Revenue per Boe (including commodity derivative settlements)   $ 32.79     $ 51.81     $ 34.51     $ 54.04  
                                 
Revenue   $ 71,026     $ 35,390     $ 136,252     $ 54,392  
Commodity derivative settlements     1,656       20,544       1,406       48,292  
Revenue, including derivative settlements     72,682       55,934       137,658       102,684  
                                 
Operating expenses:                                
Lease operating expense   $ 19,890     $ 15,689     $ 38,246     $ 29,506  
Production and ad valorem taxes     6,331       4,248       12,934       7,390  
Depletion, depreciation, amortization and  asset retirement obligation accretion     22,333       10,865       38,368       21,226  
Impairment of proved oil and gas properties                       58,000  
General and administrative expense     9,472       7,530       19,887       16,498  
Cash-settled incentive awards     (1,413 )     1,435       4,014       2,233  
                                 
Net income (loss)   $ 13,228     $ (36,906 )   $ 14,701     $ (122,218 )
                                 
Adjusted EBITDA   $ 32,442     $ 28,362     $ 61,360     $ 51,515  
                                 

Adjusted EBITDA (a non-GAAP measure):  During the second quarter of 2017, Resolute generated $32.4 million of Adjusted EBITDA, or $14.64 per Boe, a fourteen percent increase from the prior year period, during which Resolute generated $28.4 million of Adjusted EBITDA, or $26.27 per Boe.  The increase in Adjusted EBITDA was the result of increased revenue due to increased production, partially offset by decreased commodity derivative settlements and an increase in cash-settled incentive awards paid as compared to the prior period.

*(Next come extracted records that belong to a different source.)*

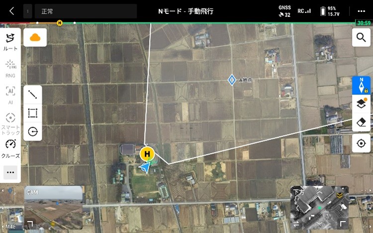 (弊社春日部施設での再現画像。左が機体カメラ映像、右が送信機マップ画面)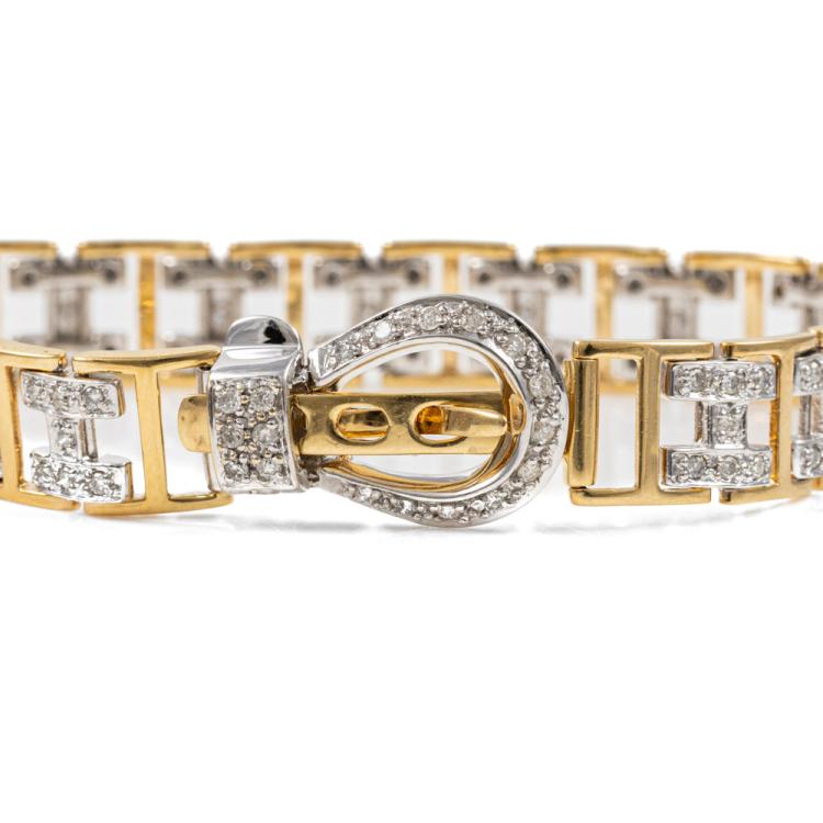 Diamond bracelet with round Natural Diamonds totalling 1.10cts (Estimated grading: H-I SI). 18ct yellow and white gold. Length: 19.0cm. Weight: 21.8g. With Valuation Certificate #418525. (Pre-owned)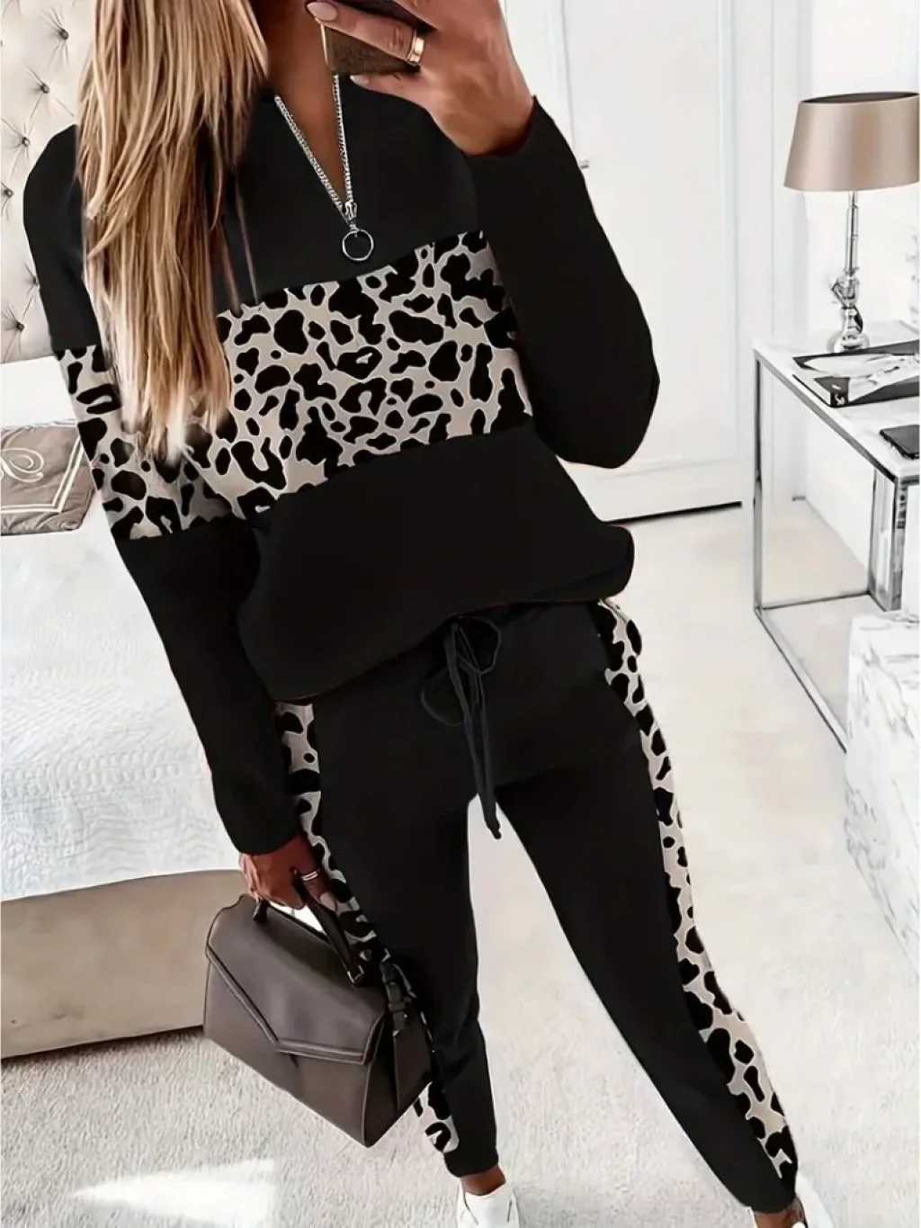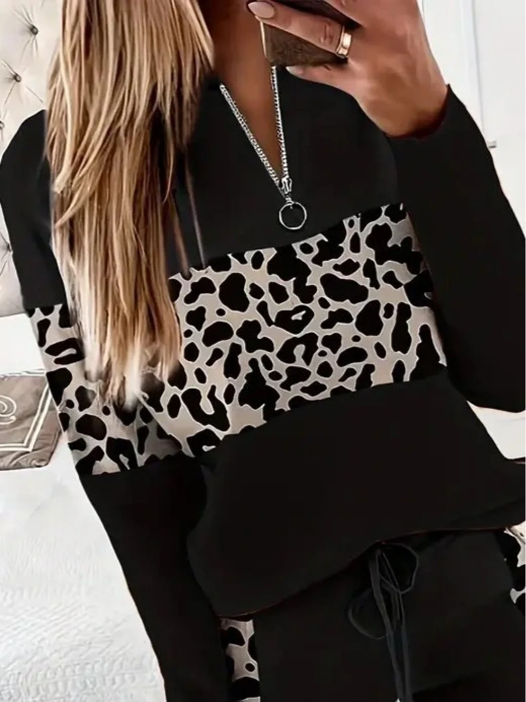Kadın Uzun Kollu Fermuarlı Karışık Desenli Viskon Iki Iplik Bluz Ve Pantolon Ikili Takım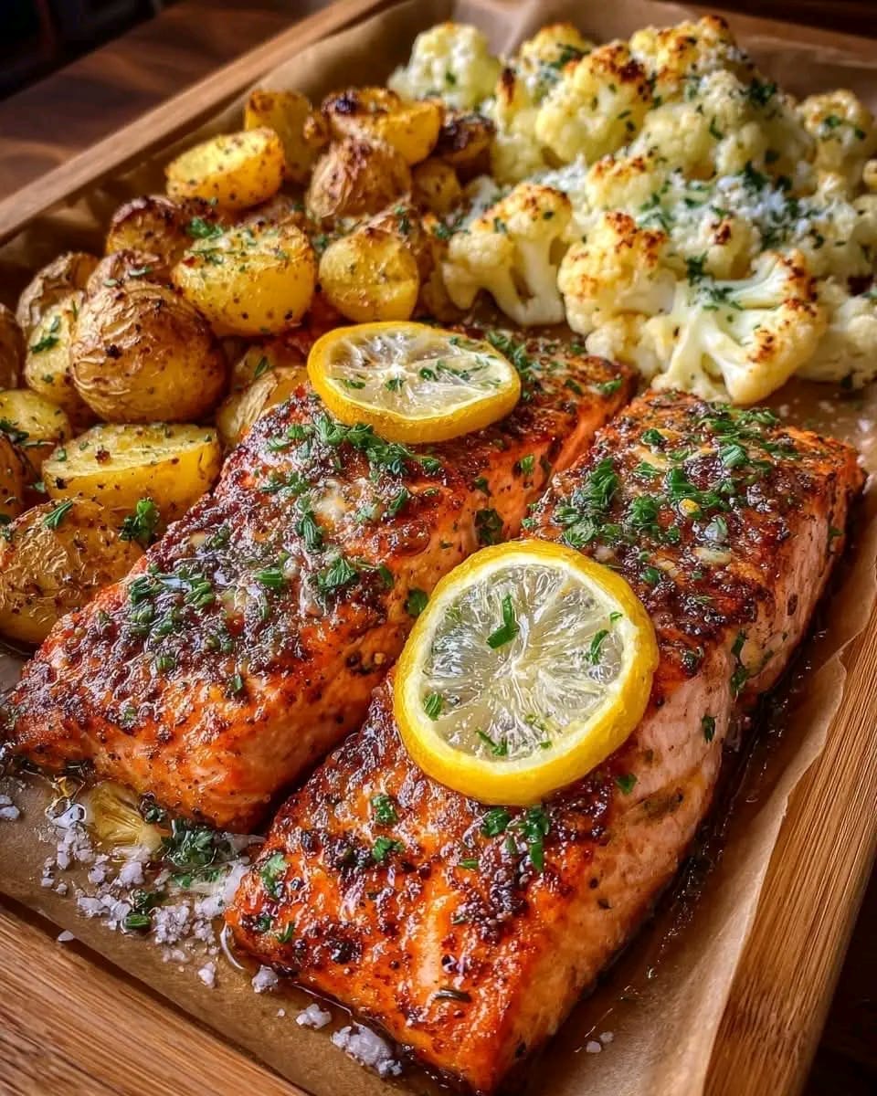 This dish pairs flaky, oven-roasted salmon with creamy cheesy cauliflower and crispy garlic-roasted potatoes. It strikes the perfect balance between wholesome nutrition and comforting indulgence—ideal for weeknight dinners or special occasions.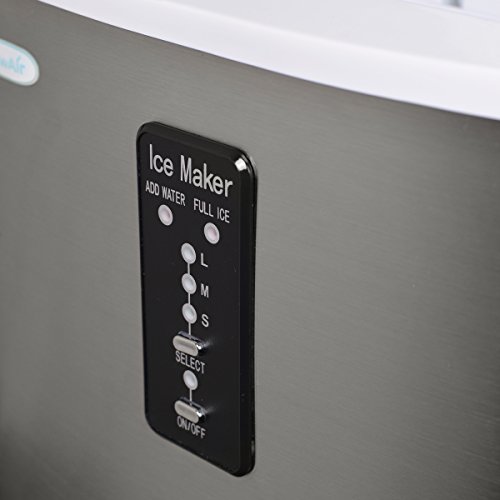 Featuring easy push button LED controls, this Newair portable ice maker is user-friendly. Simply add water, select an ice size, and press start. This ice maker begins producing the ice you need in a matter of minutes. Prepare for a party and make ice before your guests arrive. Store it in the freezer and you're sure to have all you need. The empty water reservoir indicator tells you when more water is needed, and the full basket indicator lets you know when the bin needs emptying.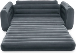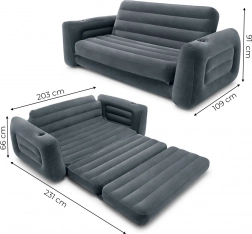 Az Intex velúr kanapé, amely 231x203x66 cm méretű, ideális két személy számára. Tartós PVC anyagból készült, puha velúrral borított, könnyű leereszteni.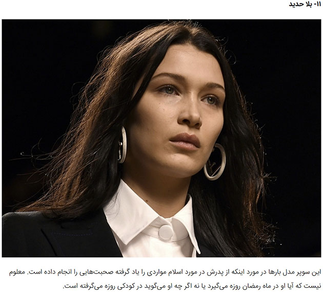 Supermodel Bella Hadid has spoken about learning about Islam from her father, Mohamed Hadid. It is not known if she fasts during Ramadan, though she has revealed she did observe the holy month as a child. “That was the best day of my life, when I went and saw the in Abu Dhabi,” she told Harper’s Bazaar in November. Adding of her father: “He would teach us about it and we would go and do Eid with my family and we would do Ramadan – I did that since I was a kid. Once I got older, I was working and going to school so I couldn’t fast for as long. My dad, he’s so passionate about it, and that’s what kept me very passionate and excited about my roots.”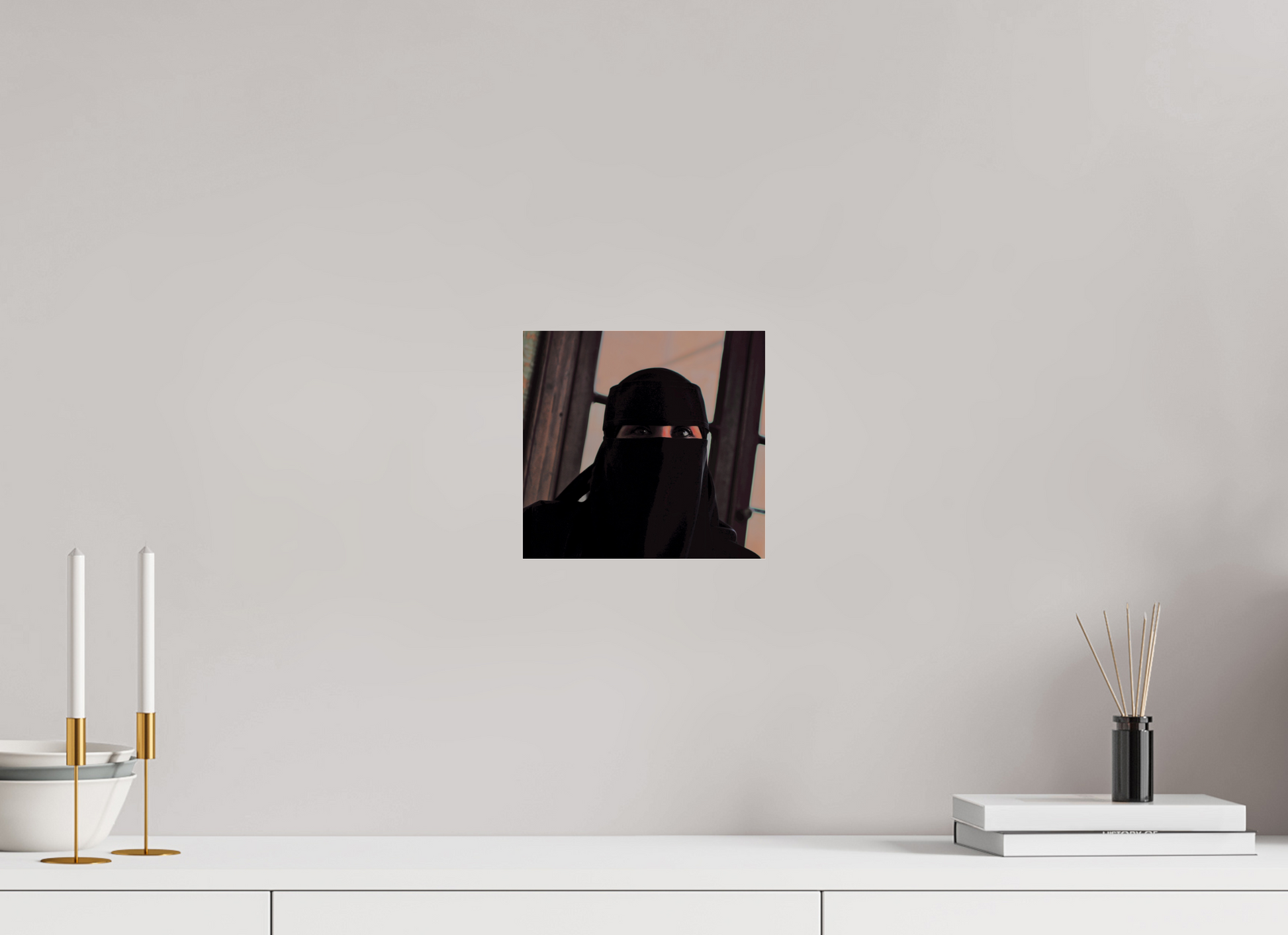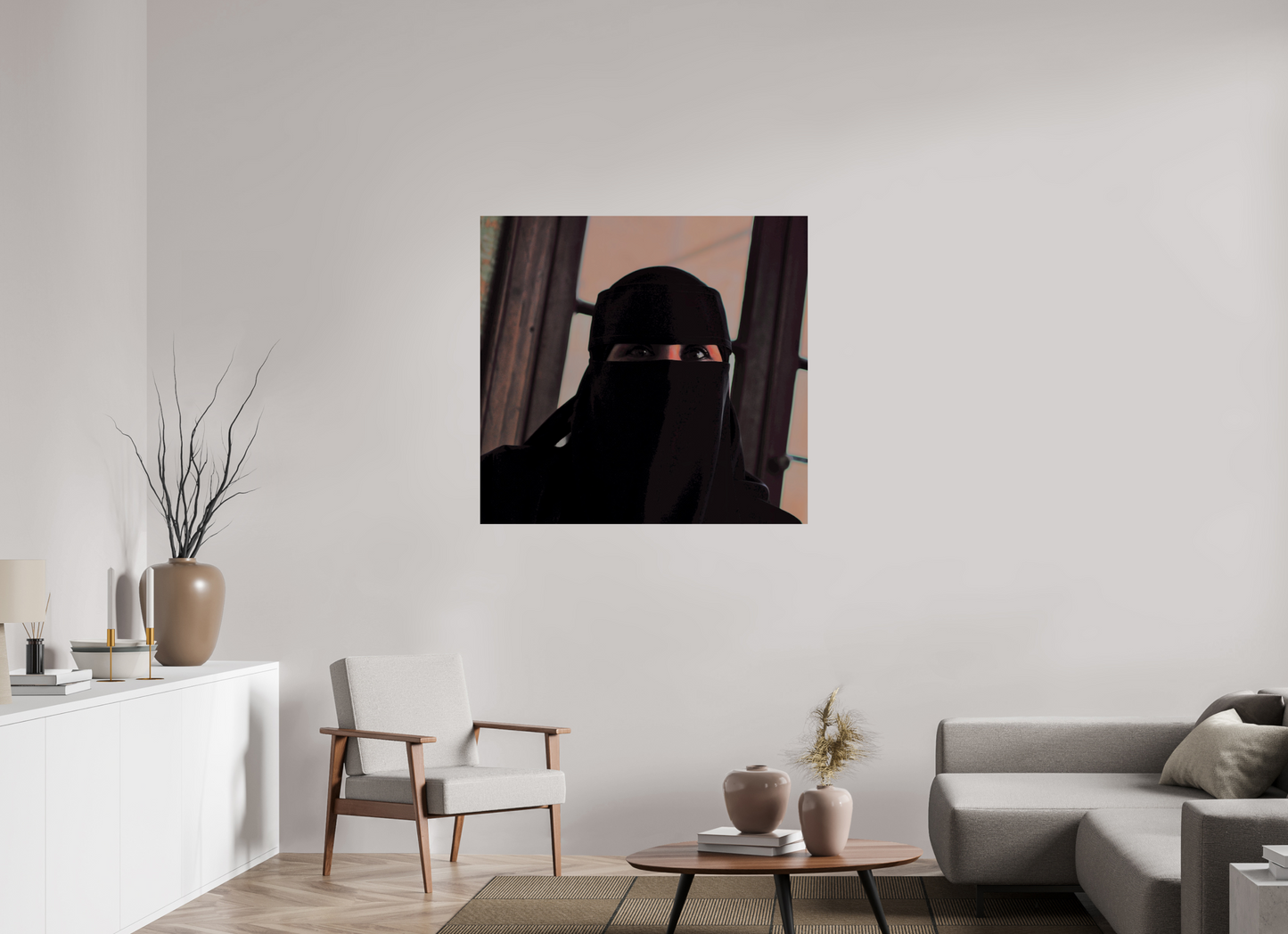 She wears a black niqab , covering her entire face except for her eyes, a personal and cultural choice distinct from anonymity. The sidelight reveals the textures of the fabric and the reflections in her eyes, captured through precise exposure without post-production artifice.

During the first six months of 2017, Resolute generated $61.4 million of Adjusted EBITDA, or $15.38 per Boe, a nineteen percent increase from the prior period, during which Resolute generated $51.5 million of Adjusted EBITDA, or $27.11 per Boe.  The increase in Adjusted EBITDA resulted primarily from the reasons noted above as well as increased revenue from increased commodity pricing as compared to the 2016 period.

Production:  Production for the quarter ended June 30, 2017, increased 105 percent to 2,216 MBoe, or 24,355 Boe per day, as compared to 1,080 MBoe, or 11,865 Boe per day, during the second quarter of 2016.  During the first half of 2017, production increased 110 percent to 3,989 MBoe, or 22,041 Boe per day, from 1,900 MBoe, or 10,441 Boe per day, during the first half of 2016.  The increases from the comparable prior year periods were attributable to positive results from the 2017 drilling and completion program in the Permian Basin.   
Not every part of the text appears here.